**What is expected:**
Could you restate word for word every line from the one containing "A carriage of" to the end of the data below, pictures excluded?

**The data:**
= Beginning of Section =
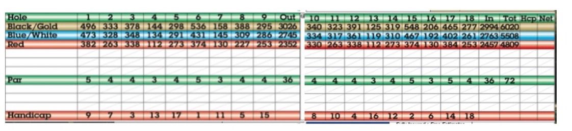 • Altered/adapted: par assignment on two holes to vary the back nine; turfgrass modernized to bent/Bermuda; likely incremental tree management and irrigation typical of the region.
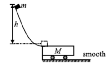 A carriage of mass $M$ and length $\ell$ is joined to the end of a slope as shown in the figure. A block of mass $m$ is released from the slope at height $h$. It slides till the end of the carriage. The friction between the mass and the slope, and also the friction between the carriage and the horizontal floor, is negligible. Coefficient of friction between block and carriage is $\mu$. Find $h$ in terms of the given parameters.
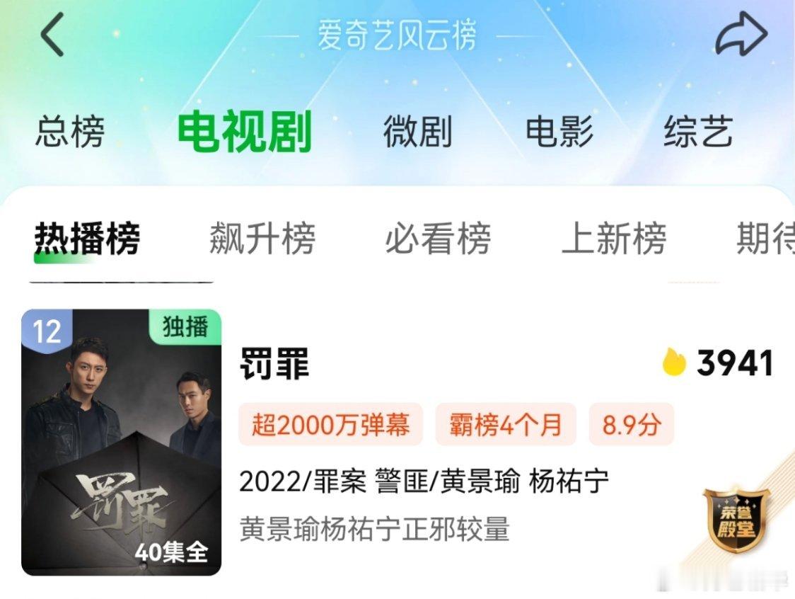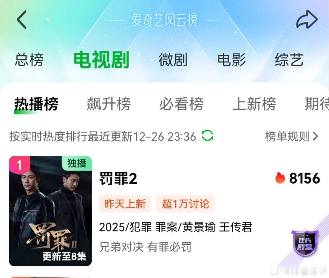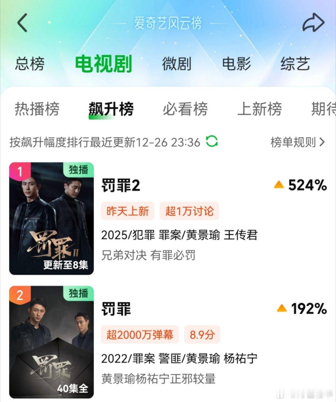 黄景瑜罚罪2黄景瑜秦枫今天的成绩,第一部都快到前十了。第二部在平衡这种长篇犯罪
= End of Section =
**Reply to the task:**
 A carriage of mass $M$ and length $\ell$ is joined to the end of a slope as shown in the figure. A block of mass $m$ is released from the slope at height $h$. It slides till the end of the carriage. The friction between the mass and the slope, and also the friction between the carriage and the horizontal floor, is negligible. Coefficient of friction between block and carriage is $\mu$. Find $h$ in terms of the given parameters.
 黄景瑜罚罪2黄景瑜秦枫今天的成绩,第一部都快到前十了。第二部在平衡这种长篇犯罪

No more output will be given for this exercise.